Conjecture. An infinitely differentiable function $f:\Bbb R \to \Bbb R$ at some $x\in \Bbb R$ has all its derivatives nonzero with identical or alternative sign if and only for any polynomial $p$ the function $f(x)-p(x)$ has at most $n+1$ roots, where $n$ is the degree of $p$.
It was show in [1] that the function $f(x)=e^x$ has the property that
Property. Every polynomial $p$ of degree $n$ intersects $f$ at no more than $n+1$ points.

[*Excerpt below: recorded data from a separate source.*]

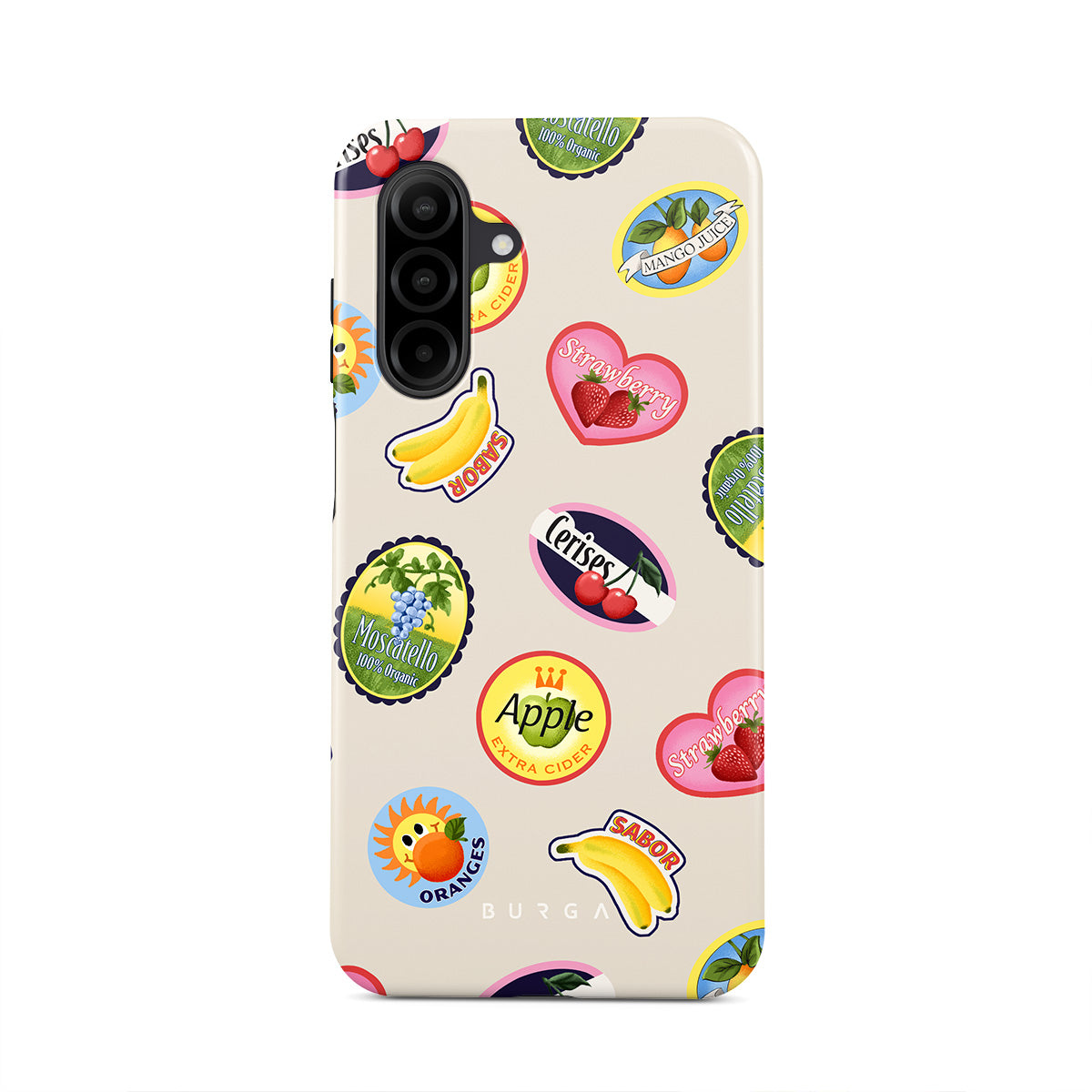 En este diseño: plátanos, estampillas, cerezas, manzanas, naranjas, fresas, colores brillantes, acentos cítricos, motivos de frutas, patrones tropicales.
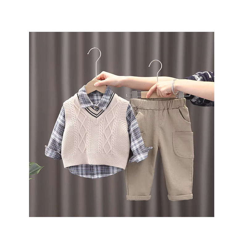 Children's Casual Solid Pattern Three-Piece Set Knitted Sweater Vest Plaid Shirt Long-Sleeved Vest Boys Boys Three Piece Suit
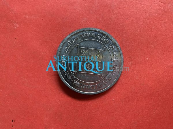 เหรียญหลวงพ่อรวย ปาสาทิโก วัดตะโก อยุธยา ฉลองครบรอบ 76 ปี หลังยันต์ เนื้อตะกั่ว ปีพ.ศ.2540
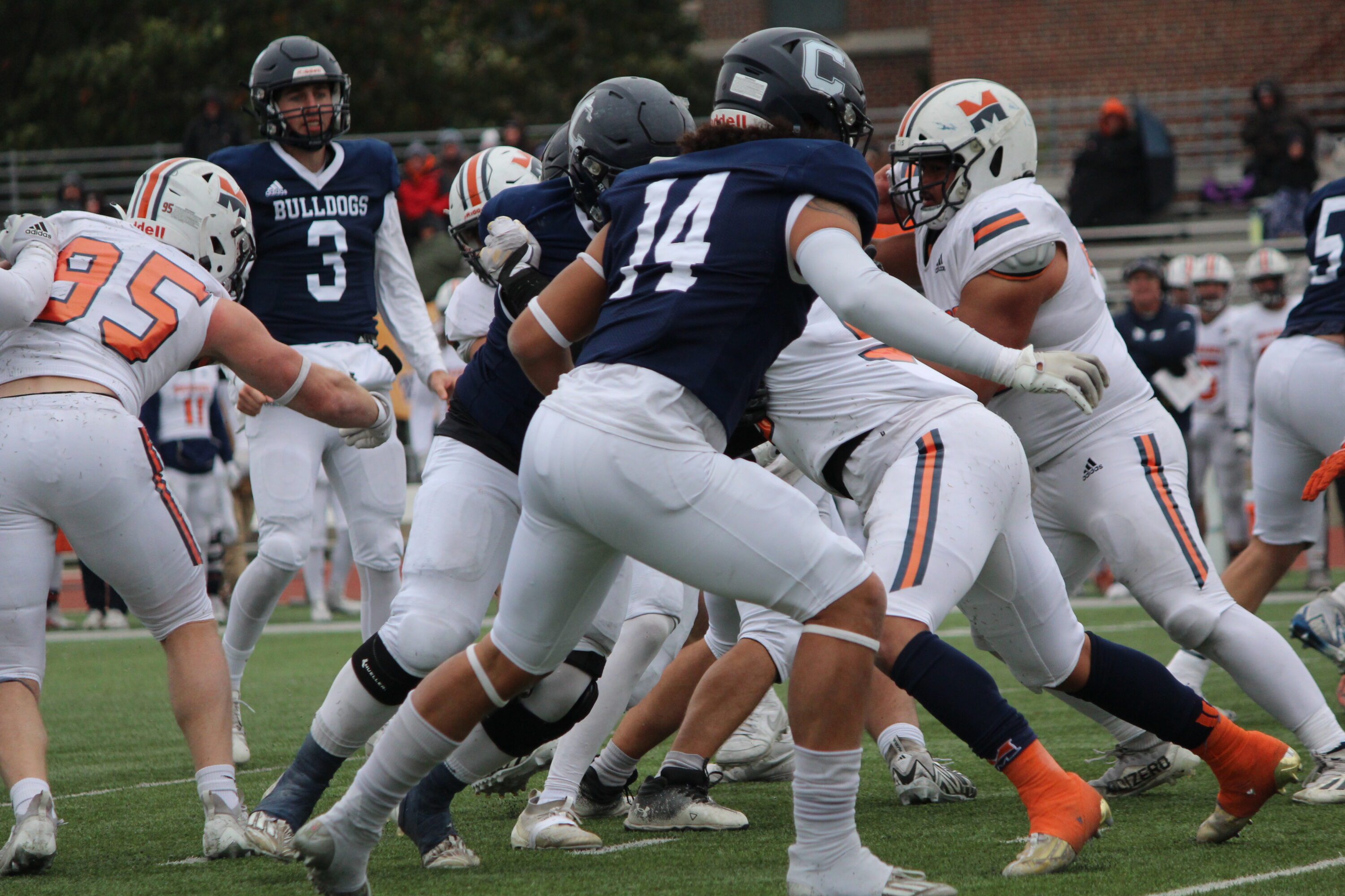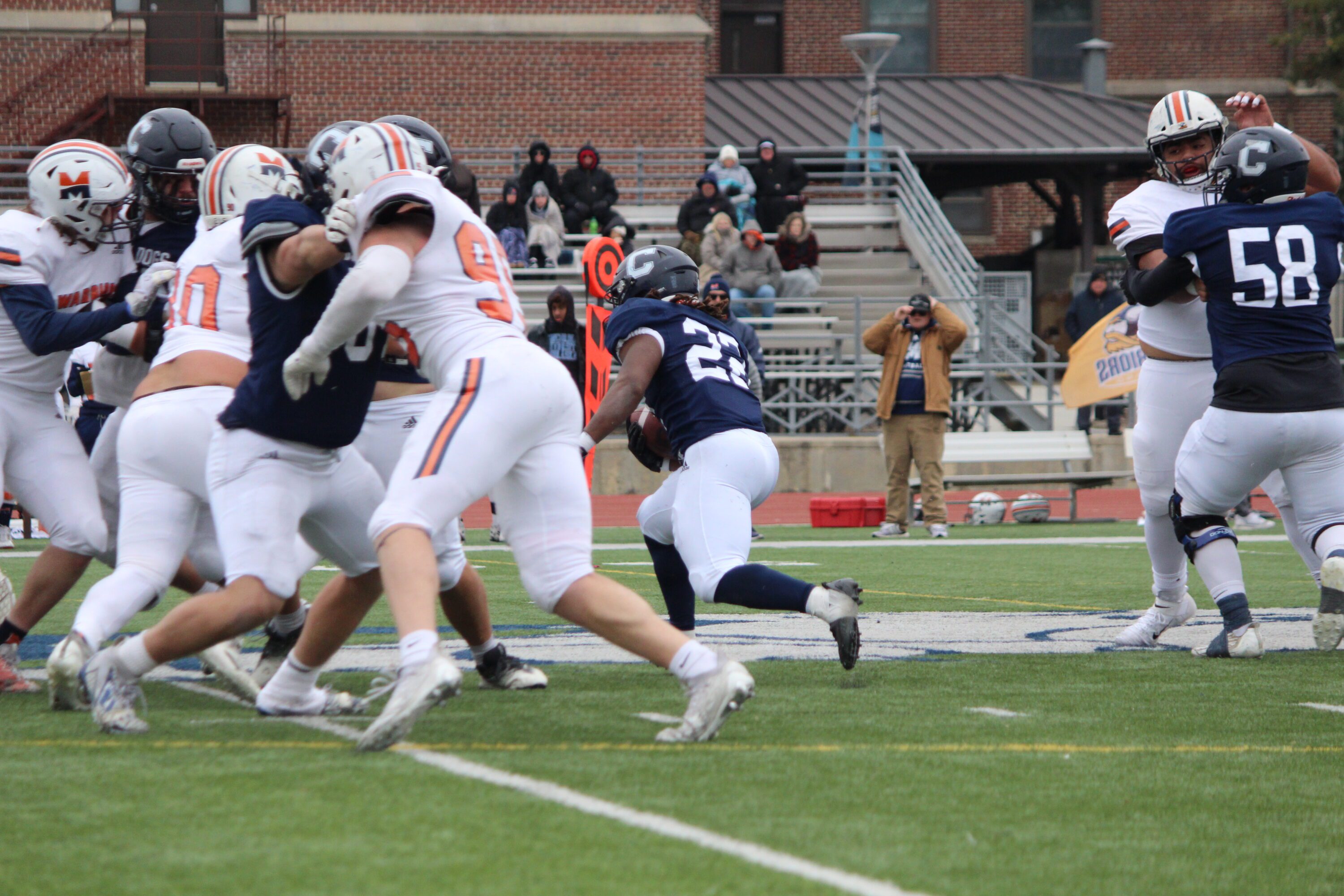 - Junior, Jake Jablonski, trying to avoid a tackle with his teammates helping to block the defensive team.

What is more, every infinitely differentiable function $f:\Bbb R \to \Bbb R$ satisfying
Condition. All the derivatives of $f$ are nonzero with identical or alternative sign.

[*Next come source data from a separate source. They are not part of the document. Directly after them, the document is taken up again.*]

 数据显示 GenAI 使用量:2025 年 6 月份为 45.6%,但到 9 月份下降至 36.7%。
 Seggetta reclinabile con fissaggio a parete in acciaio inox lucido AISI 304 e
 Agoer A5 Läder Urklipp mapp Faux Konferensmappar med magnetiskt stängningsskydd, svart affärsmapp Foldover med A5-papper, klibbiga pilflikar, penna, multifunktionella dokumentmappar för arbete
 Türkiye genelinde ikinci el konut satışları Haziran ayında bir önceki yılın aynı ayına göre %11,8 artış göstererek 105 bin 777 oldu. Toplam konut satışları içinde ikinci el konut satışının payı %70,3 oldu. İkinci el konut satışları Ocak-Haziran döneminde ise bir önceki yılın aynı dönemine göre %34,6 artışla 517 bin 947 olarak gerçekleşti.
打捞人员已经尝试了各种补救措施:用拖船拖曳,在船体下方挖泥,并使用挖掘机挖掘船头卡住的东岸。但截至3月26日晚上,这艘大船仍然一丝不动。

has the Property, as can be seen by any applying the result in [2] to the function $g(x)\equiv f(x)-p(x)$, $g(x)\equiv -f(x)-p(x)$, $g(x)\equiv f(-x)-p(x)$, or $g(x)\equiv -f(-x)-p(x)$.

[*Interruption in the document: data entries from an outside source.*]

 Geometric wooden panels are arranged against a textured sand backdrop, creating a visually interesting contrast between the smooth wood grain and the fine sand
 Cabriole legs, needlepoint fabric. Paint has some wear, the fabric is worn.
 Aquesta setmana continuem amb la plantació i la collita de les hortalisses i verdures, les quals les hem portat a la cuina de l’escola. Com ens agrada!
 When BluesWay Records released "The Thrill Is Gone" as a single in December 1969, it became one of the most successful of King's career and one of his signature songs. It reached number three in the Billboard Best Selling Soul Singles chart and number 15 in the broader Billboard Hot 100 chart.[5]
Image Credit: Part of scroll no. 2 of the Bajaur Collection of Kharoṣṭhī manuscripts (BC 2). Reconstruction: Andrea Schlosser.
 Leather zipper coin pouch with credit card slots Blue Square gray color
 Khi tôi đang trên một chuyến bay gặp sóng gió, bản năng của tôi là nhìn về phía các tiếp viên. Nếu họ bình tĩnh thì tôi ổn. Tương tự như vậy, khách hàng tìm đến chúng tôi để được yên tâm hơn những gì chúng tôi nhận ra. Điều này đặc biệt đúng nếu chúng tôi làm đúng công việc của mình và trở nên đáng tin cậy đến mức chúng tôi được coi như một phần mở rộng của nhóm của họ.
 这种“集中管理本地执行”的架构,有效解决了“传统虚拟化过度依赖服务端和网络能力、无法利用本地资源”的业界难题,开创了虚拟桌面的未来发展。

Is the Condition necessary for the Property?
I can give you a handwaivy argument why this should be a necessary condition at least for analytic functions $f$. Also w.l.o.g. $f(0) = 0$.
Lets first look at a simple case: assume $f'(x_0) = 0$ (again w.l.o.g. $x_0 = 0$) and $f'(x) > 0 ~\forall x\neq 0$ (otherwise it's even simpler). You now have to note, that $f^{(n)}(0) = 0$ too for all $n>1$ and thus at $x=0$ we have a saddlepoint meaning that locally $f$ looks like a $3$rd-degree polynomial. Indeed it looks like $ax^3$ locally, and you can thus easily construct a linear function $mx$ that interscts $f$ $3$ times. (Note: if we had not assumed $f'(x) > 0 ~\forall x\neq 0$ then we could also have an extrem point, but, as long as the condition is only broken locally, extrem points have to come in pairs, so that makes it even simpler.)
This generalizes the following way. If $n$ is the smallest natural number s.t. $f^{(n)}(x_0) = 0$ (w.l.o.g. $x_0 = 0$) and $f^{n}(x) > 0 ~\forall x\neq 0$ then around $x= 0$ $f$ looks like $p$ with \begin{align*} p(x) = ax^{n+2}+\sum_{k=0}^n a_kx^k \end{align*} You should now be able to find a polynomial of degree $n$ that intesects $f$ $(n+2)$ times.